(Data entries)
-- Opening Marker --

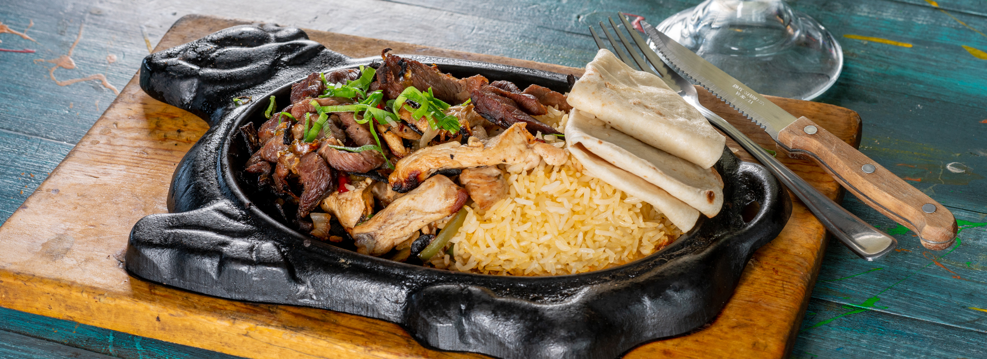 Todos con arroz, lechuga, pico de gallo, guacamole, natilla, queso rallado y tortillas de harina (Varios platos servidos juntos).
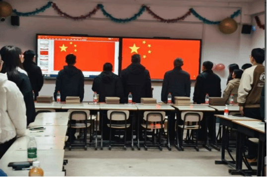 全体齐唱国歌,进一步坚定大学生的理想信念,激发爱国情怀和民族自豪感。学生代表领学习近平总书记对青年的寄语,学子们表示要勇担时代使命,牢记书记嘱托,以更加饱满的热情和昂扬的斗志,投身于实现中华民族伟大复兴的征程中。
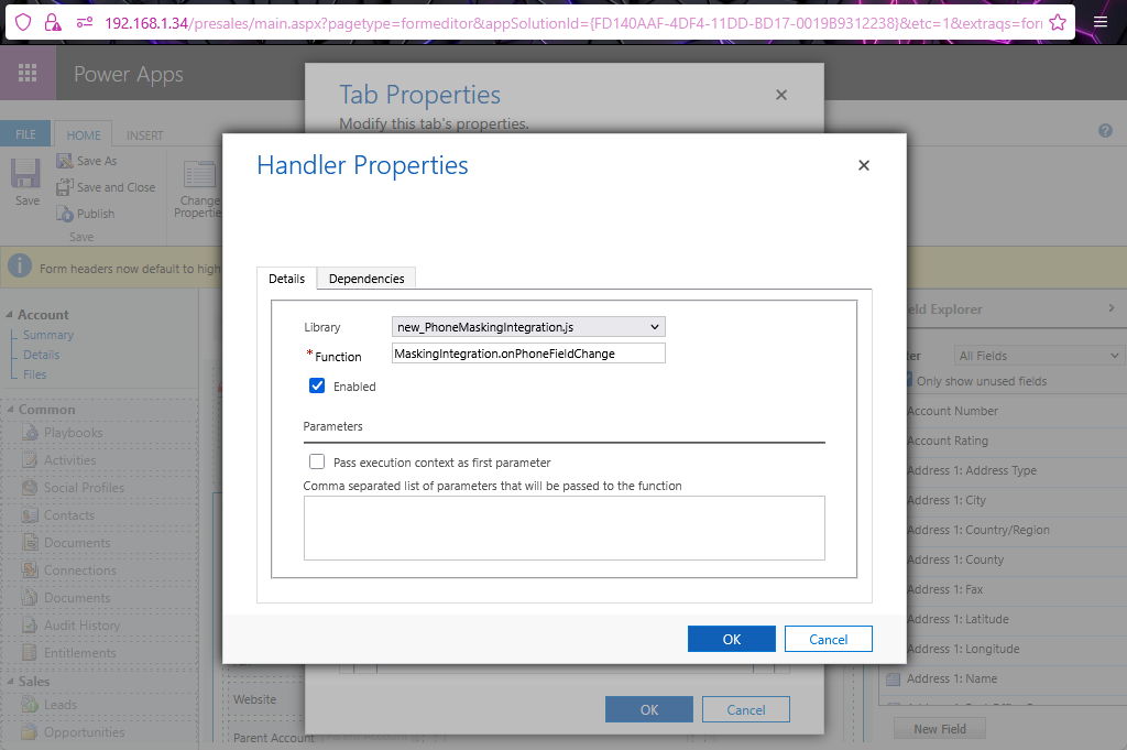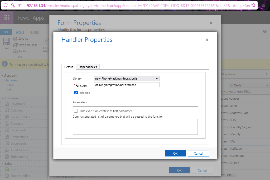 Now inside the Form Properties window, the Event Handlers section add the file new_PhoneMaskingIntegration.js and add the function “MaskingIntegration.onFormLoad” OnLoad event of the form.
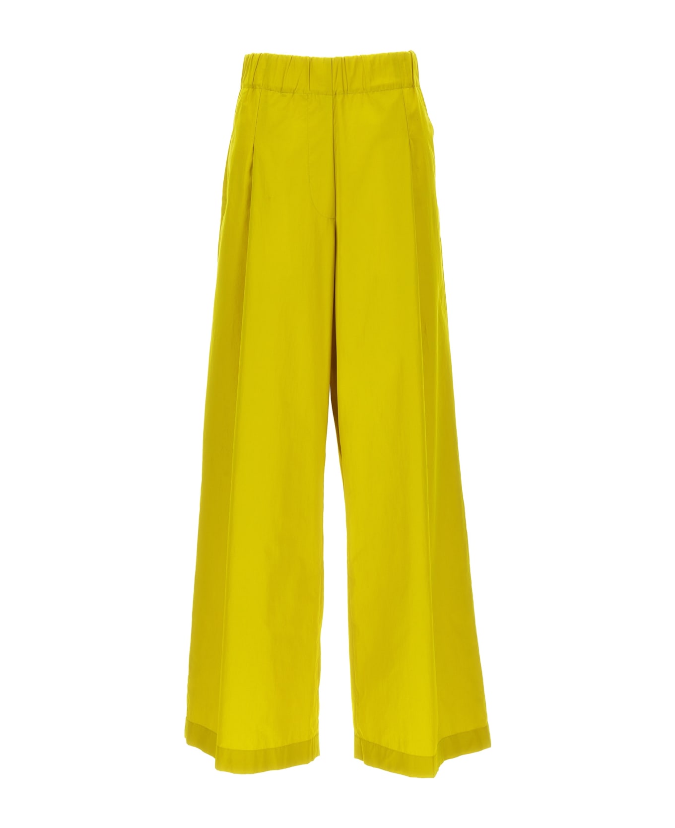 'Pila' cotton denim trousers, drawstring elastic waistband, pockets, wide leg with pin tuck.
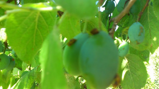 Jestli jsou na fotce nějaká slunéčka není vidět, ale v dálce vpravo nahoře, na poněkud ostřejší části bych poškození plodu viděl na postižení hálčivcem. |
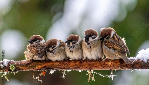Five Cozy Tree Sparrows Huddled Together on a Snowy Branch in Winter
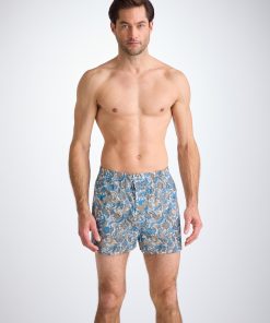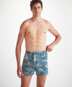 DEREK ROSE Men’s Classic Fit Boxers Royal 223 Cotton Turquoise Turquoise | MENS- Boxer Shorts
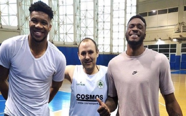 Παναθηναϊκός: Γιάννης και Θανάσης Αντετοκούνμπο στην προπόνηση της ομάδας με αμαξίδιο (pics)
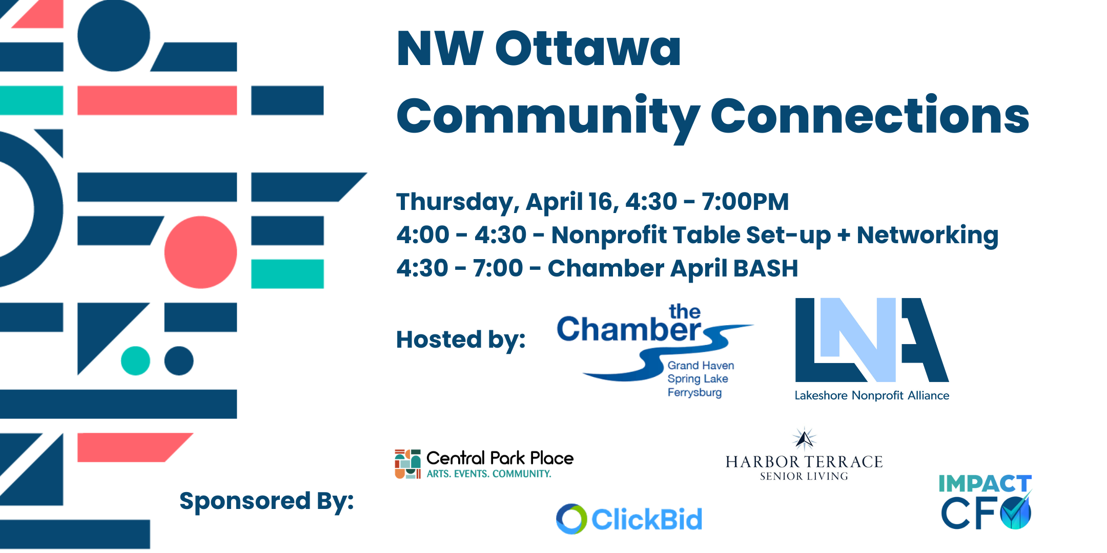 Are you looking for ways to plug into your community? We have just the opportunity for you! Join the Lakeshore Nonprofit Alliance and The Chamber - Grand Haven, Spring Lake, Ferrysburg, for NW Ottawa Community Connections (in conjunction with the Chamber BASH) on Thursday, April 16, 2026.

-- Closing Marker --

Pictures stay out. Return exactly the lines from the one with "Now inside the" through the last line of the data.

Expected answer:
 Now inside the Form Properties window, the Event Handlers section add the file new_PhoneMaskingIntegration.js and add the function “MaskingIntegration.onFormLoad” OnLoad event of the form.
 'Pila' cotton denim trousers, drawstring elastic waistband, pockets, wide leg with pin tuck.
 Jestli jsou na fotce nějaká slunéčka není vidět, ale v dálce vpravo nahoře, na poněkud ostřejší části bych poškození plodu viděl na postižení hálčivcem. |
Five Cozy Tree Sparrows Huddled Together on a Snowy Branch in Winter
 DEREK ROSE Men’s Classic Fit Boxers Royal 223 Cotton Turquoise Turquoise | MENS- Boxer Shorts
 Παναθηναϊκός: Γιάννης και Θανάσης Αντετοκούνμπο στην προπόνηση της ομάδας με αμαξίδιο (pics)
 Are you looking for ways to plug into your community? We have just the opportunity for you! Join the Lakeshore Nonprofit Alliance and The Chamber - Grand Haven, Spring Lake, Ferrysburg, for NW Ottawa Community Connections (in conjunction with the Chamber BASH) on Thursday, April 16, 2026.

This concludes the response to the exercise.